Weak or commonly misused
- Generic "reviewer of record" listings on Publons or similar aggregators without verifying the venue and review completion.
- Internal committee service at the petitioner's own institution where the committee is routine departmental governance.
- Conference session-chair roles that involve introducing speakers but not evaluating submissions.
- Predatory or pay-to-publish journals that solicit reviewers indiscriminately.
- Bootcamp, undergraduate competition, or student hackathon judging where the work judged is at a training level.
- Self-organized or self-curated competitions where the petitioner is a co-founder of the venue.
RFE Patterns
How USCIS pushes back on this criterion
- "Peer review is expected of senior researchers and is not in itself indicative of extraordinary ability." This argument has become more common in recent years. Officers sometimes write that any senior researcher reviews papers, and so peer review does not distinguish the petitioner. The response approach typically points to the regulatory text, which credits judging without requiring that it exceed the field's norms, and to the selectivity of the venues, the formality of the invitation, and the volume or significance of the review work. Whether the response lands varies by officer.
- "The work judged was not at the same level as the petitioner's own work." Some officers read the criterion to require that the judged work be at a comparable level to the petitioner's own. This reading is contested. The response typically argues that the regulation requires only that the judging be in the same or an allied field, not that the work judged be at the petitioner's level, and points to the practical operation of peer review (where senior reviewers routinely evaluate junior researchers' submissions).
- "The record does not document the judging actually occurred." Officers sometimes accept invitations but not completed work. The response approach is to supply email or system records confirming the review was submitted, and where possible, an editor's or committee chair's confirmation of completion. Privacy obligations often constrain what can be disclosed; redacted records have been credited in past cases.

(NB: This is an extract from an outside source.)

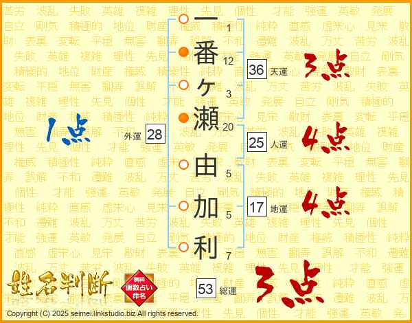 一番ヶ瀬由加利さんの総運は53画の3点!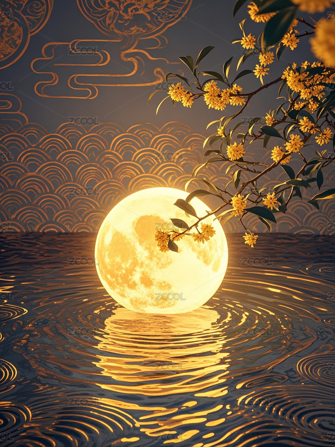 中秋节,月亮,桂花,背景,插画,传统

- "This is a low-tier or unselective venue." Officers test the venue's standing. The response typically attaches the venue's acceptance rate, program committee composition, editorial board, and field-wide reputation indicators (impact factor for journals, conference rankings for CS).
- "This is editorial board service in name only." Officers sometimes distinguish honorary listing from substantive editorial work. The response generally requires a description of the actual editorial duties, frequency of review assignments, and where possible, a confirming statement from the editor-in-chief.
- "The petitioner has only one or two judging instances in the record." Officers have read the criterion to require sustained judging, although the regulation does not state a numerical threshold. The response approach is to argue the regulatory text and to supplement with whatever judging instances exist; where the record is thin, the criterion may be argued together with strong other criteria rather than relied on as a primary criterion.